Nothing, because the compiled TypeScript won't contain it. TypeScript is
deliberately conservative about the language features it supports to ensure it
never gets out of sync with JS.

------
neop1x
I am surprised that browsing experience looks mostly the same as it did in the
beginning of web browsing. Browsers are almost operating systems, yet they
look like, well.. content readers. Nowadays I tend to work on several
"projects" or tasks in paralel and for each project I open multiple tabs. I am
opening multiple windows but it's easy to get lost in what each of these
windows belongs to, difficult to switch between them, browser windows all look
the same. Containers are not exactly good for this as they have their own
cookies/local storage (different use case). It seems to me that browsers are
not evolving in the actual end user usability that much. Also, more generally,
why can't we have electron built-in in the browser, integrated with OS (so
windows would look like a native app with it's own icon, title, etc)? Why does
there need to be a separate Electron "browser" for every webapp instead of
reusing already running browser with extra, per-app elevated API access? Why
are browsers using vague version numbering instead of semver as it used to be?

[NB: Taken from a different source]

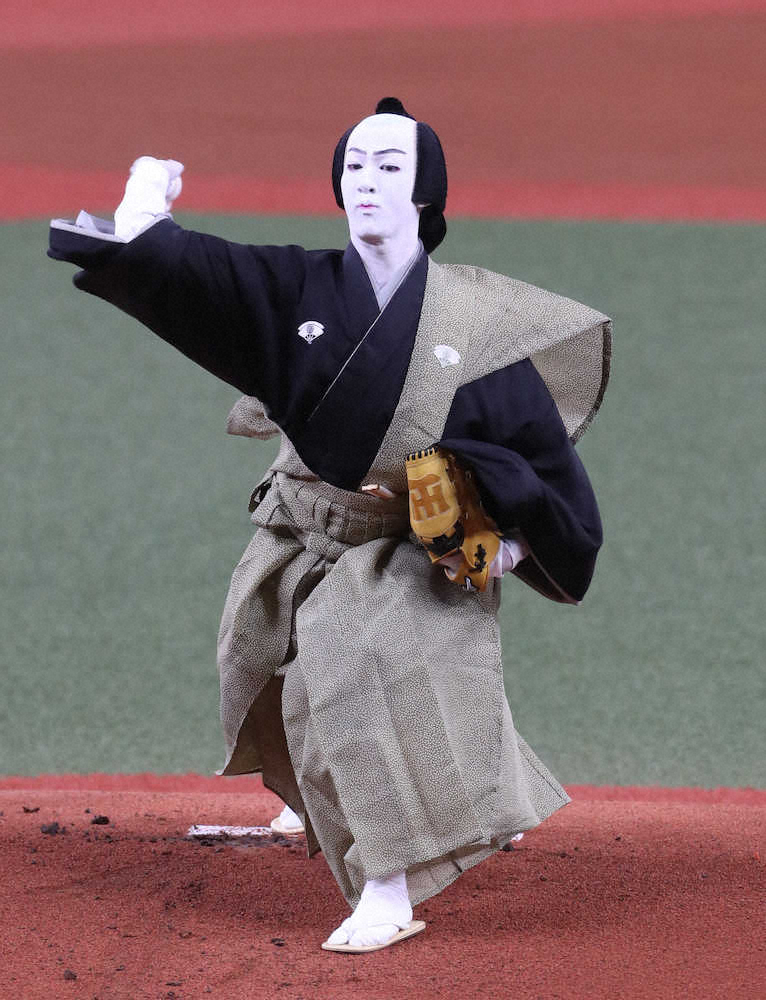 <神・中>始球式をつとめた尾上右近(撮影・大森 寛明)

I don't know if FF 74 is the massive upgrade from 73 or if it is similar to
the change from 72 to 73 or 71 to 72. And will it still take 2 seconds to get
visual feedback after clicking the button in that fancy marerial SPA on my
cutting-edge desktop machine?

------
onyva
I wish they’d fix Lockwise on iOS. Not really working. In my case takes ages
to open when set as default, and never auto suggests login for the active
site, either from Firefox or any other app.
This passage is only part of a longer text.